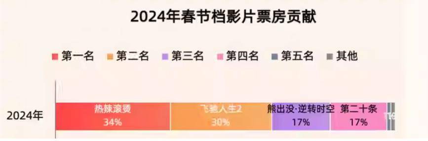 另外一方面,今年票房前四名的影片它们加起来的票房份额占到了大盘的97%,其他影片的生存处境相当艰难,以前的春节档头部影片“吃肉”,其它影片还可以“喝汤”,但今年情况更像是赢家通吃的局面。
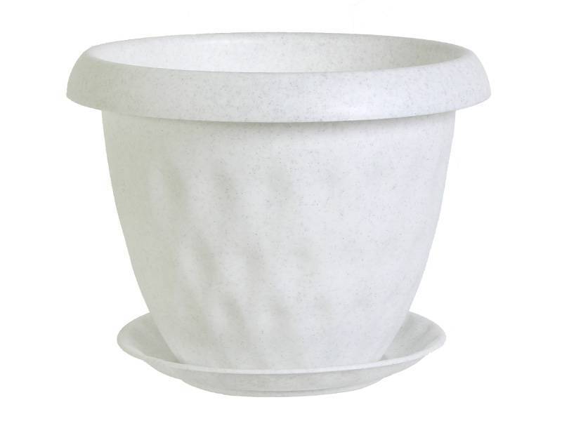 Горшок "Розетта" 13л с поддоном мрамор• благодаря оригинальному дизайну горшок хорошо впишется в любой интерьерный или ландшафтный дизайн• закругленный бортик удобен для подъема и переноса горшка вместе с растением• дренажные отверстия на дне и поддон предохраняют растения от избытка влагиЗаключаем договора по 44 ФЗ, 223 ФЗ
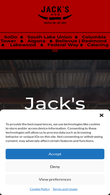 89%Check out our food and drink menus to get an idea of what we have to offer at Jack's BBQ. Menus may vary slightly by location.
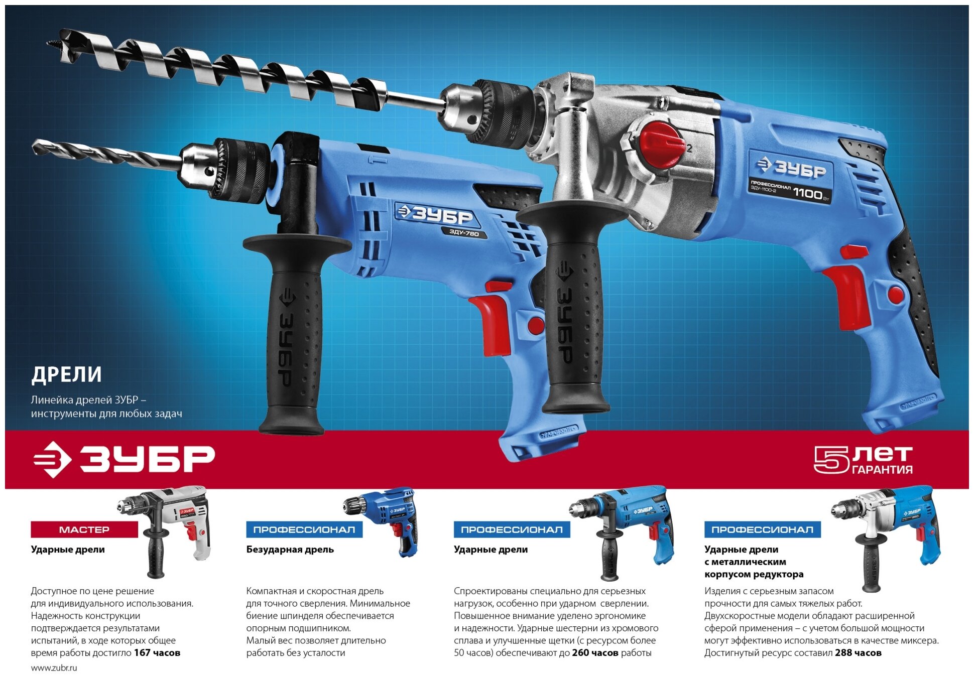 Дрель Зубр ЗДУ-1100-2 ЭРМКМ2 6 540 ₽ Подробнее
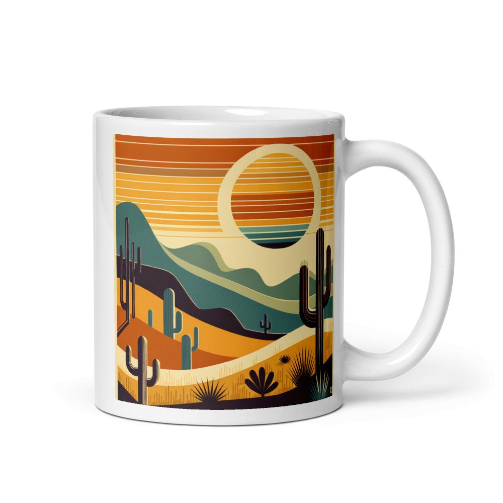 A stylised desert scene with layered hills, tall cacti and a striped sun framed by a bold arch. The warm terracotta palette contrasts with muted teal tones for a clean desert modern look. This southwest abstract composition uses smooth curves and graphic lines to create a calm, retro-inspired landscape.
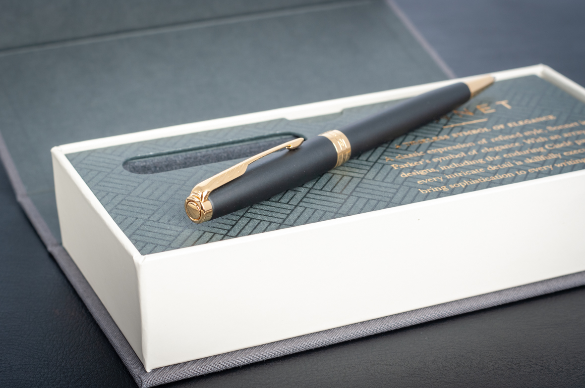 Шариковая ручка Parker Sonnet Matte Black GT от официального дилера Parker в Калининграде. Вы можете дополнительно заказать гравировку, которая подчеркнет Вашу оригинальность и придаст памятность статусному подарку. Все ручки Паркер поставляются в фирменном футляре.
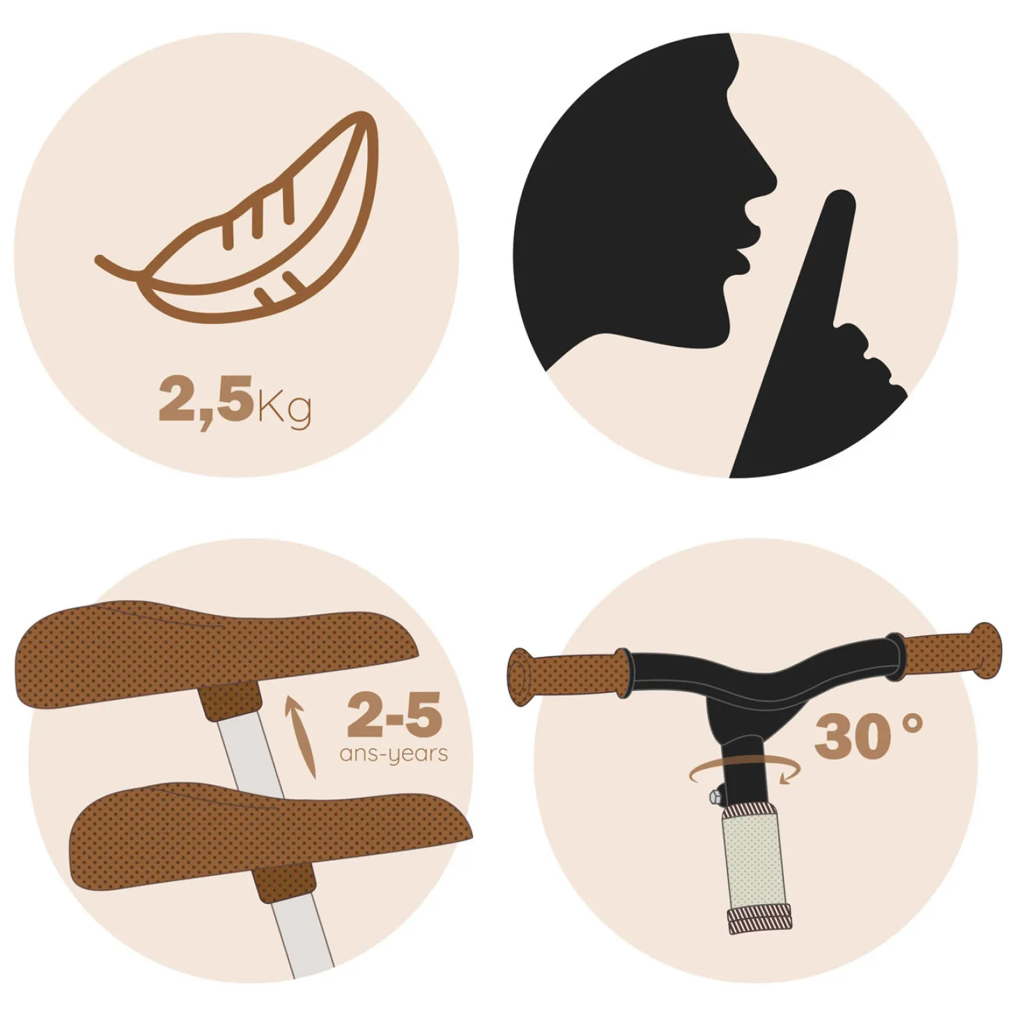 Het stabiele frame van de loopfiets helpt je kind bij het vinden van de juiste balans. De motoriek en het evenwichtsgevoel van kinderen worden versterkt en al spelend leert je kind de eerste basis voor het fietsen. Het zadel is in hoogte verstelbaar en zit comfortabel. Dankzij de geluidsdempende en lekbestendige wielen kan er zowel buitens- als binnenhuis zorgeloos gefietst worden. Het stuur is voor de veiligheid van je kind begrenst en kan draaien in een hoek tot maximaal 30 graden.

What you have to do =
What is wanted is an exact copy of the lines above from the one containing "Дрель Зубр ЗДУ-1100-2" through the one containing "A stylised desert", with no pictures in it.

Written answer =
 Дрель Зубр ЗДУ-1100-2 ЭРМКМ2 6 540 ₽ Подробнее
 A stylised desert scene with layered hills, tall cacti and a striped sun framed by a bold arch. The warm terracotta palette contrasts with muted teal tones for a clean desert modern look. This southwest abstract composition uses smooth curves and graphic lines to create a calm, retro-inspired landscape.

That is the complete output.